Long December Days:32

†12月18日早朝

文成が目を覚ますと、そこは一面の銀世界であった。見渡す限り雪化粧である。積雪にはかなりの厚みがあり、とても柔らかい。手をつくだけでずぶずぶと沈んでいく。困惑する内心を隠すように、文成は自身の電脳を確認する。時刻は朝五時半。現在地は自宅の自室。何者かが干渉していることも、エラーメッセージもなし。その証拠に未来視をすると、自分の部屋が映る。自分の部屋で呆然とした顔で座っている自分の顔が、よく見える。しかし、一つだけ現実世界ではありえないことが起こっていることに気がついた。電脳通信のありとあらゆるチャンネルに許容量を上回るほどのノイズが送られ続けているのだ。それもノイズは全て人間を粘土のように千切ってこね合わせたと思われる肉塊の画像ファイルと、男とも女ともつかない声音で「こっちに来い」と「どうしてこんなことに」という言葉を様々な言語で繰り返す音声ファイルで統一されている。不快感の余り、文成は電脳通信の受信を全てオフにして、送信も、ソフィアが心配しないように「事務所で本を読むのに忙しいからハルを迎えに行くことはできない。それから、僕は2、3日事務所から動かないかもしれないが、元気だろうから特に気にしないでくれ」というメッセージを送って、オフにしてしまう。そして、改めて自分の右手を見ると、青銅の鍵が――鈍い光を発しながら――あった。

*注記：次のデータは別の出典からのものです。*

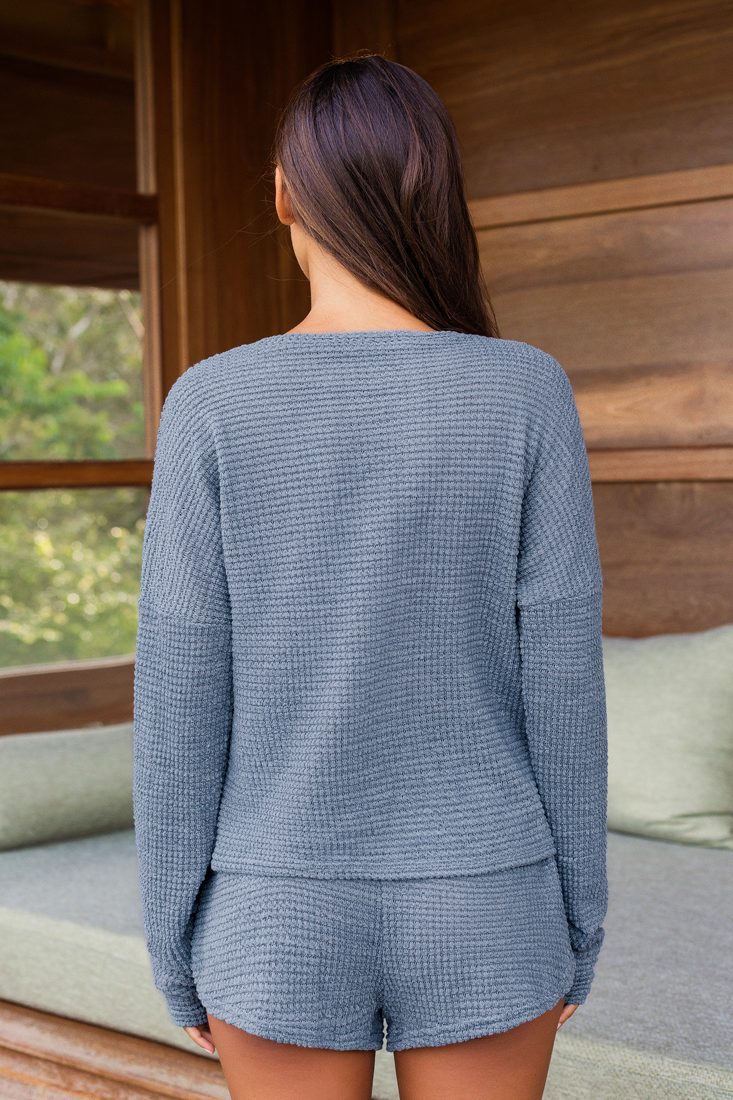 Schieferfarbenes Waffelstrick-Pyjama-Set mit langen Ärmeln
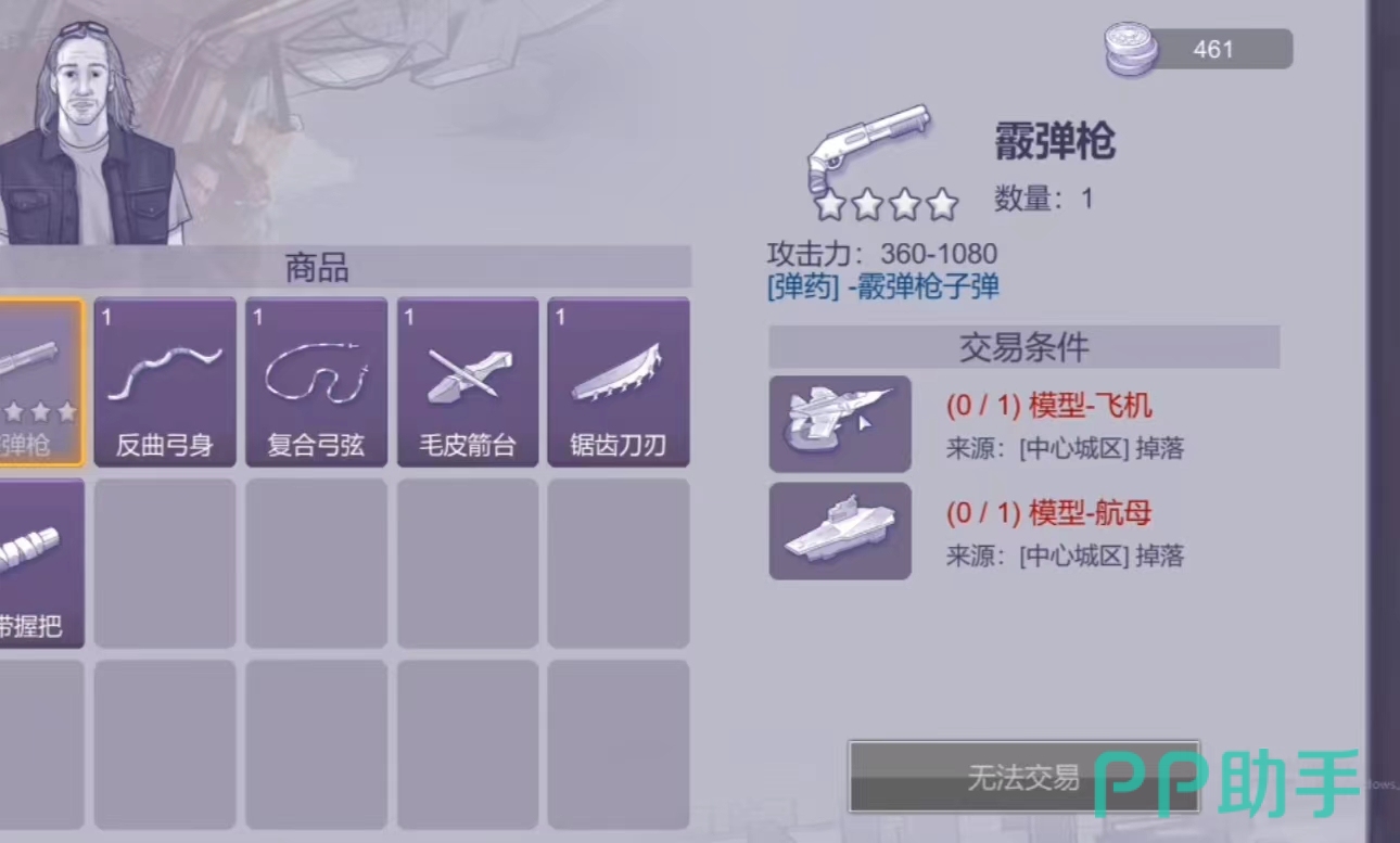 在游戏的第32天,玩家可以解锁与马叔的对话,马叔所拥有的装备是霰弹枪。玩家想获得霰弹枪必须满足交易条件也就是找到飞机和航母的模型来交换,这两个模型都位于游戏的中心城区,获得模型要完成一定的游戏任务。接下来小编给大家总结了获取方式步骤和一些注意事项:

『はじめまして、白雪文成。少しあなたとお話がしたくて、ネルに来ていただきました。少々乱暴な手段を取ってしまったと反省しているのですが、どうかわたくしとお話する時間を取っては頂けませんか?』

青銅の鍵を握り締めて、銀世界を自宅の景色で上書きしようと試みた瞬間、文成の電脳の中に声が響く。若い女の声だ。

「断る。僕を帰してくれ」

間髪入れずに文成が答えると、心底残念そうな口調で若い女の声が再び響く。

『そんな冷たいことをおっしゃらないでくださいませ。そんなことをなさるのでしたらわたくし、悲しさの余りあなたの大切なものを壊してしまいますわ。記憶も、お友達も全て』

文成は青銅の鍵を使う時、常に未来視も並行しながら行っている。そうすれば、未来に起こることがらを確定することができるだろうと判断してのことであった。だから、動じることなく文成は言う。

「要求に応じないとなったら脅すのか。随分下品で愚かな男なんだな」

そう、女の声を使っているだけで相手は男だ。挑発すれば簡単に頭に血が上り、正常な判断ができなくなる。そうなれば簡単に外に出ることができるはずだ。文成はそう考えた。